On an appropriately gloomy day, myself, the birds, and cemetery workers wandered the artistic wonder that is the Cemitério da Consolação. There’s a sign at the entrance that warns people away because of the possibility of contracting dengue fever. However, it’s too cold for mosquitoes so I continue without worry.
Speaking of disease, in the 1800s coffee barons became a newly formed bourgeoisie in Sao Paulo. It was during this time that the city grew exponentially and found itself in need of a local cemetery.
It was a common and preferred practice to bury dead in the consecrated ground in and around churches instead of in a local cemetery. However, as the number of deceased grew, so did the resulting byproduct of human decomposition. This accelerated the spread of disease and the Cemitério da Consolação was created in 1858 in an attempt to curb this.

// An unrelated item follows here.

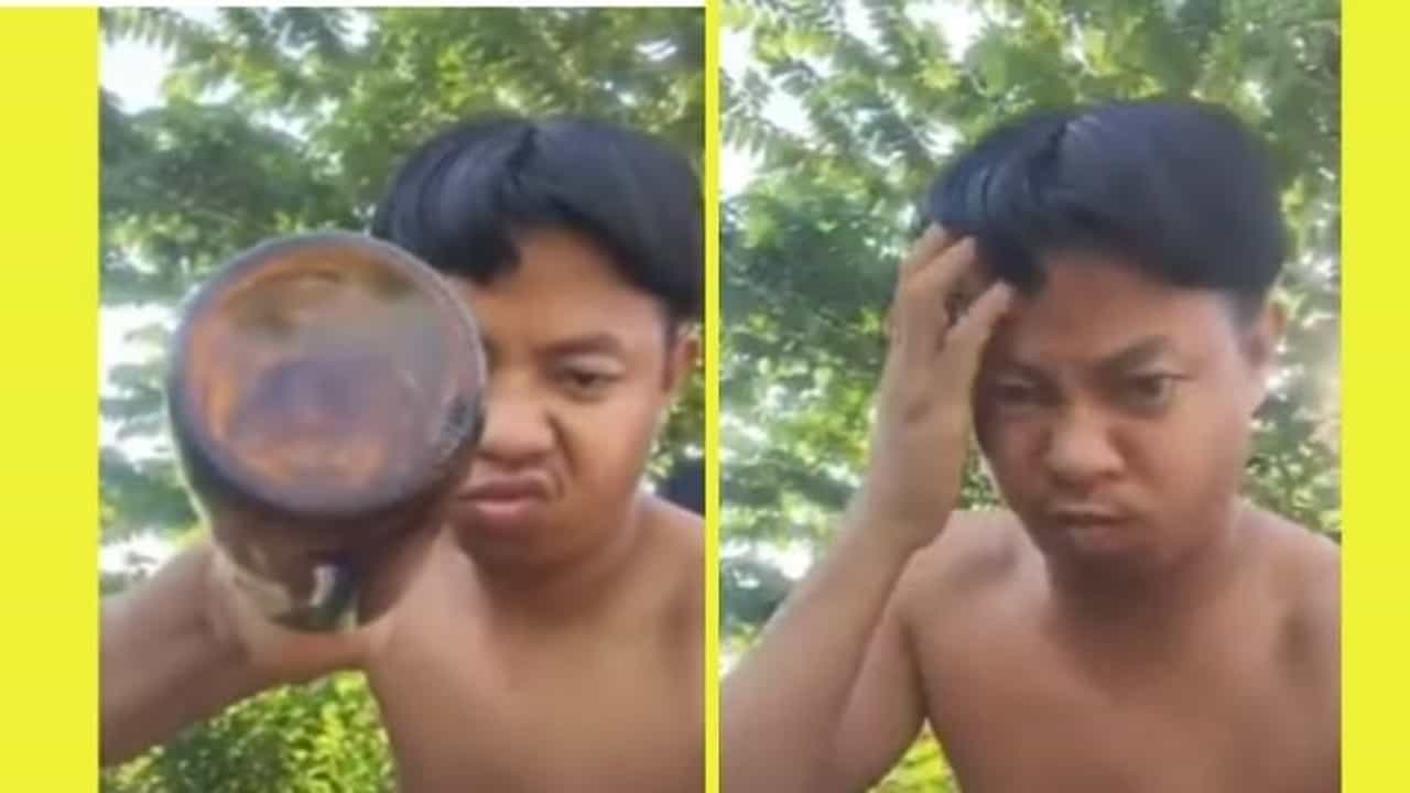 (man hurt himself while trying to break glass bottle on his head video went viral on social media)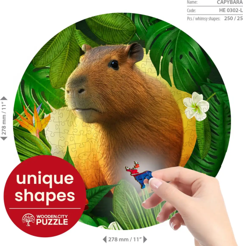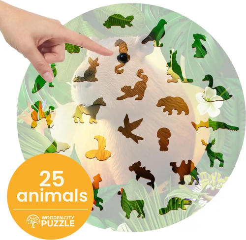 Laserem vyřezávané dřevěné puzzle WOODEN CITY se svými speciálně tvarovanými dílky je neskutečně zábavné. Část dílků je vyrobena ve tvaru zvířat , jejichž výsledný efekt umocňují laserem zvýrazněné detaily. Tyto dílky mohou samostatně stát jako drobné figurky. Skládání puzzle s různotvarými dílky je obtížnější a představuje větší výzvu, než skládání klasického puzzle. Značka WOODEN CITY kromě unikátního konceptu puzzle nezapomíná na ekologii, u těchto výrobku proto nenaleznete žádné plastové obaly .

The Cemitério da Consolação is considered one of the most beautifully artistic of graveyards in Brazil — and is a popular destination for art walks.
It seems that if the bourgeoisie were no longer able to bury their dead in churches, then they would do so in the cemetery with great gusto and artistic class. As the need to one-up each other in death grew, famous artists like Rodolfo Bernardelli, Victor Brecheret, Bruno Giorgi and Antonio Celso de Menezes were hired to create elaborate brass and marble monuments.
It’s easy to see how certain graveyards could incite imagination and give people what they need to create stories of vampires and creatures that roam after dark.
On the surface of Cemitério da Consolação are beautiful, artistic monuments to families; however, under these monuments are (in some cases) many levels of ancestral remains. As I wandered I found open underground catacombs and surface tombs were exposed for all to see. There were also times where I was reluctant to Blink.
When La Niña saw the grave below, she said, “Oh no, someone broke out!”